** WHAT NEEDS TO BE DONE **
Print the lines that run from the line with "Sauf que ce" to the line with "For this quest", keeping both end lines, exactly as they appear in the entries below, and nothing else.

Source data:

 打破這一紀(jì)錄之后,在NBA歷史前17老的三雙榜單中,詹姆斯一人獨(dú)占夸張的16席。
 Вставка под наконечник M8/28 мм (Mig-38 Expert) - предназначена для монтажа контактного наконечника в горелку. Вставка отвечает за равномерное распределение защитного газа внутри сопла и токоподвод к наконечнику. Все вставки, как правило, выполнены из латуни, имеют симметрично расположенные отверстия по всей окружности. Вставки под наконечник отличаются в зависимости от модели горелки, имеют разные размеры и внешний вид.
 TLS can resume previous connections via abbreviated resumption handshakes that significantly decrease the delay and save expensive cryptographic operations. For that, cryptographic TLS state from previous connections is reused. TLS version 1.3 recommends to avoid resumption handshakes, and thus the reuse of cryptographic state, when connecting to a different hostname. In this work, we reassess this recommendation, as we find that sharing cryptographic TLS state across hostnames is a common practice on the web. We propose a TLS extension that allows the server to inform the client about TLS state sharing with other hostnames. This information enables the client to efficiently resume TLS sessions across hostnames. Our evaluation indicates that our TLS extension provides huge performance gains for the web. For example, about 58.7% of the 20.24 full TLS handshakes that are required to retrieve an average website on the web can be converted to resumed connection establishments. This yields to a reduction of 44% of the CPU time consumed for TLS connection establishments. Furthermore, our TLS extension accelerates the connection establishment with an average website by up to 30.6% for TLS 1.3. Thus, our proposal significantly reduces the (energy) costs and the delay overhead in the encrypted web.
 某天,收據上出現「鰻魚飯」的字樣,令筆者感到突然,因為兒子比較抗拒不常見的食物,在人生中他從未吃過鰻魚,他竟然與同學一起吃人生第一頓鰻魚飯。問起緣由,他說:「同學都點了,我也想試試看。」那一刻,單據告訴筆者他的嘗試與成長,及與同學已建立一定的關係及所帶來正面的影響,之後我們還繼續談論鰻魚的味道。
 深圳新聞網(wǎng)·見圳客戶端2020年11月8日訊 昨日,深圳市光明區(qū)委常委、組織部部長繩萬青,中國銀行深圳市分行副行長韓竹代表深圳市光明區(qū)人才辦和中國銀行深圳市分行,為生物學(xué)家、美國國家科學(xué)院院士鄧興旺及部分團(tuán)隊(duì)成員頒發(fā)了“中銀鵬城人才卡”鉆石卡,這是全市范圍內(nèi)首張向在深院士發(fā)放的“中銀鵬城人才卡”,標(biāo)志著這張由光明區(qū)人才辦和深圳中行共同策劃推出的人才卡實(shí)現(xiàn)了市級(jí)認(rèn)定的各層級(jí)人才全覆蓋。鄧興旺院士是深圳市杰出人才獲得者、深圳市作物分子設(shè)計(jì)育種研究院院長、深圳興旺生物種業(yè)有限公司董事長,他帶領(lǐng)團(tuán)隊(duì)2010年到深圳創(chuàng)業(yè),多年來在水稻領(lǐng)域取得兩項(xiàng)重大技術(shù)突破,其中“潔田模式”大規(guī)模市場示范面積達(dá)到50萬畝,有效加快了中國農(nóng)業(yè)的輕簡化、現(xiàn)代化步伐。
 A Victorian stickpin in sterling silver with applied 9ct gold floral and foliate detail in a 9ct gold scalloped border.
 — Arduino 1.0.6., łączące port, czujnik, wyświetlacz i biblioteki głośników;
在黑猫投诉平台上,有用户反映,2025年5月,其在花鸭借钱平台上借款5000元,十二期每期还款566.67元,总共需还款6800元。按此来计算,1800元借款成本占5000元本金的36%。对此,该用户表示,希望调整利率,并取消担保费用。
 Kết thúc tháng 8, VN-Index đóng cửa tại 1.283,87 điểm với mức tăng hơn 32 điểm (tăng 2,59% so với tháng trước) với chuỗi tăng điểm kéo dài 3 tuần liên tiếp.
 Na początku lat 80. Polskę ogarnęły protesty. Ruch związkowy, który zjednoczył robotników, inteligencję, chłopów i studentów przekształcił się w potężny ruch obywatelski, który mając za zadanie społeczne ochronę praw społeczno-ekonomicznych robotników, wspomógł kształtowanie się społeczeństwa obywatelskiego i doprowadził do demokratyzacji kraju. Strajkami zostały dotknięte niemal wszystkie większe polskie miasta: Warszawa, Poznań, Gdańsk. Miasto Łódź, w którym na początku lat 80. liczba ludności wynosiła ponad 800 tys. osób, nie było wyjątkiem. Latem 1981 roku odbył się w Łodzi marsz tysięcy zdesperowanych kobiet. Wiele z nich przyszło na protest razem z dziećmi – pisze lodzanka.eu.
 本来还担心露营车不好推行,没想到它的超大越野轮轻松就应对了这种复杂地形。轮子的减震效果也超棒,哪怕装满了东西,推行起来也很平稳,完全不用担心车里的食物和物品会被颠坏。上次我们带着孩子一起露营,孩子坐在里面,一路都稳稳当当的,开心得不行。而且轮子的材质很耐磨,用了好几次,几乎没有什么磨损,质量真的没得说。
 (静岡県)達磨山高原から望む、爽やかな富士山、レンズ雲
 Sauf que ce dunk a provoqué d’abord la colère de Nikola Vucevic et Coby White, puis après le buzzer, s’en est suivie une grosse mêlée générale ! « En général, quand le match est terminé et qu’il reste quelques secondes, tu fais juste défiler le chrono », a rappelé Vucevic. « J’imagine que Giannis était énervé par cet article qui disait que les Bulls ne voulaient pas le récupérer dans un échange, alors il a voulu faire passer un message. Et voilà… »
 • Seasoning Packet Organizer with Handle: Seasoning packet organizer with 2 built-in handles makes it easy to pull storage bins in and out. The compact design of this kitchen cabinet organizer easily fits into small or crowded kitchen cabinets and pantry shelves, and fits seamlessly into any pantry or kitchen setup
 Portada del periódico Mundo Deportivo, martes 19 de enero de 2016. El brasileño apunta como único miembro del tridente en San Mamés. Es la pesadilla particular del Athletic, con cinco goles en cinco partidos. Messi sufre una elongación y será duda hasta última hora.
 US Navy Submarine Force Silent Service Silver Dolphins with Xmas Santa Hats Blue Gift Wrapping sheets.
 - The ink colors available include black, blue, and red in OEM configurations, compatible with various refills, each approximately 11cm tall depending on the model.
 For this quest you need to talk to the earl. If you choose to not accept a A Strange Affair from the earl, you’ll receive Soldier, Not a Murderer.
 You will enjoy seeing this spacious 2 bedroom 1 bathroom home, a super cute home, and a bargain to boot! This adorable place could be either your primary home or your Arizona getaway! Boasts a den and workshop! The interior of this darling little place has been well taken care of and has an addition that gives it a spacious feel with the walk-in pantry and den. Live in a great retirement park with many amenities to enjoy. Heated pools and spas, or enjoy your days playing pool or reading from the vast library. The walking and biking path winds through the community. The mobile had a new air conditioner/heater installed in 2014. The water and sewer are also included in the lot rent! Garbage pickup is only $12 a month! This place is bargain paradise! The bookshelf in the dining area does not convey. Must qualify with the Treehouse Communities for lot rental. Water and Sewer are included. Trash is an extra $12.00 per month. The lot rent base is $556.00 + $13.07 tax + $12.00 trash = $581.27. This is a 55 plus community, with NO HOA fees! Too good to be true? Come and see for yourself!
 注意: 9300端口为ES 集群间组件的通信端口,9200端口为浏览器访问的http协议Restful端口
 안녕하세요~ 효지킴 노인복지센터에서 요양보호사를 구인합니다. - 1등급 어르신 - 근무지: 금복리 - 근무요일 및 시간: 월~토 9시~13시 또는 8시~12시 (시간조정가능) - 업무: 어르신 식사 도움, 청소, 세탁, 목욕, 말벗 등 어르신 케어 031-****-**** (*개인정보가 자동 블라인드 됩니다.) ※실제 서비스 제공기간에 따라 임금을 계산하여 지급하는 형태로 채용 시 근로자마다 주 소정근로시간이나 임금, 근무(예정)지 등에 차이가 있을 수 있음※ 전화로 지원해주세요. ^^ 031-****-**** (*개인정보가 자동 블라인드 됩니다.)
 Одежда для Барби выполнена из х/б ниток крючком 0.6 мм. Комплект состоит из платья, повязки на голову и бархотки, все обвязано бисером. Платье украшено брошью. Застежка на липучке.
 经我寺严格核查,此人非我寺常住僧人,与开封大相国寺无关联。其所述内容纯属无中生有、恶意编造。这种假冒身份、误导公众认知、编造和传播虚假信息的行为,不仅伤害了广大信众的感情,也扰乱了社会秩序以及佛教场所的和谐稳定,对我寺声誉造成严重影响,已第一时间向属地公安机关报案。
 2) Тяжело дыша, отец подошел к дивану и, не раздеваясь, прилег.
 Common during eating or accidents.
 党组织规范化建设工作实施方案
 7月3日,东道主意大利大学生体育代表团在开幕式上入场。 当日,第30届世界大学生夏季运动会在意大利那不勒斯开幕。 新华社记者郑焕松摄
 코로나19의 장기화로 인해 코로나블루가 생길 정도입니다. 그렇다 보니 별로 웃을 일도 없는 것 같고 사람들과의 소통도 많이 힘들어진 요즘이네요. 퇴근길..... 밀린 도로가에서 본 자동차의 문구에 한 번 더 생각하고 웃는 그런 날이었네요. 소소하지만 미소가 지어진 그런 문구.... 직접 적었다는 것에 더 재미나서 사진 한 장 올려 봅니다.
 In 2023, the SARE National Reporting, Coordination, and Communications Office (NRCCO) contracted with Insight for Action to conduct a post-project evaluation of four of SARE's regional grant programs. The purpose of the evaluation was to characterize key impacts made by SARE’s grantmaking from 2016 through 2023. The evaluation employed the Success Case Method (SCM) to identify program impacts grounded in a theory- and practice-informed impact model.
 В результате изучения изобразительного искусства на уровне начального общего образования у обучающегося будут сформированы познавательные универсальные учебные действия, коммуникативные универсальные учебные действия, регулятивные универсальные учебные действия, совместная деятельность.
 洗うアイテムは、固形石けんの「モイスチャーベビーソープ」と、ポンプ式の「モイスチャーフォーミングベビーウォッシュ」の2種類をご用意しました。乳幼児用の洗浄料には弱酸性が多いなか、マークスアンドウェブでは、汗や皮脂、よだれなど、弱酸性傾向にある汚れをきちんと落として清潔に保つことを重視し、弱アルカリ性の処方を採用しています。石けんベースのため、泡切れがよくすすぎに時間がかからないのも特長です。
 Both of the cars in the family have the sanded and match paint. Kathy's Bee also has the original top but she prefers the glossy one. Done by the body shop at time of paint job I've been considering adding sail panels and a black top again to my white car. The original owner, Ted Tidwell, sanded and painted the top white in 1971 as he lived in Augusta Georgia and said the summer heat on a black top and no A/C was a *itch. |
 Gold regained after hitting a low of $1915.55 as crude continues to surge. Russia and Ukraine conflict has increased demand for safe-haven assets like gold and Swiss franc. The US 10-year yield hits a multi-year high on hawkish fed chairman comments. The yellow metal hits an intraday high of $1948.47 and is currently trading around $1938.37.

** ANSWER TO THIS EXERCISE **
 Sauf que ce dunk a provoqué d’abord la colère de Nikola Vucevic et Coby White, puis après le buzzer, s’en est suivie une grosse mêlée générale ! « En général, quand le match est terminé et qu’il reste quelques secondes, tu fais juste défiler le chrono », a rappelé Vucevic. « J’imagine que Giannis était énervé par cet article qui disait que les Bulls ne voulaient pas le récupérer dans un échange, alors il a voulu faire passer un message. Et voilà… »
 • Seasoning Packet Organizer with Handle: Seasoning packet organizer with 2 built-in handles makes it easy to pull storage bins in and out. The compact design of this kitchen cabinet organizer easily fits into small or crowded kitchen cabinets and pantry shelves, and fits seamlessly into any pantry or kitchen setup
 Portada del periódico Mundo Deportivo, martes 19 de enero de 2016. El brasileño apunta como único miembro del tridente en San Mamés. Es la pesadilla particular del Athletic, con cinco goles en cinco partidos. Messi sufre una elongación y será duda hasta última hora.
 US Navy Submarine Force Silent Service Silver Dolphins with Xmas Santa Hats Blue Gift Wrapping sheets.
 - The ink colors available include black, blue, and red in OEM configurations, compatible with various refills, each approximately 11cm tall depending on the model.
 For this quest you need to talk to the earl. If you choose to not accept a A Strange Affair from the earl, you’ll receive Soldier, Not a Murderer.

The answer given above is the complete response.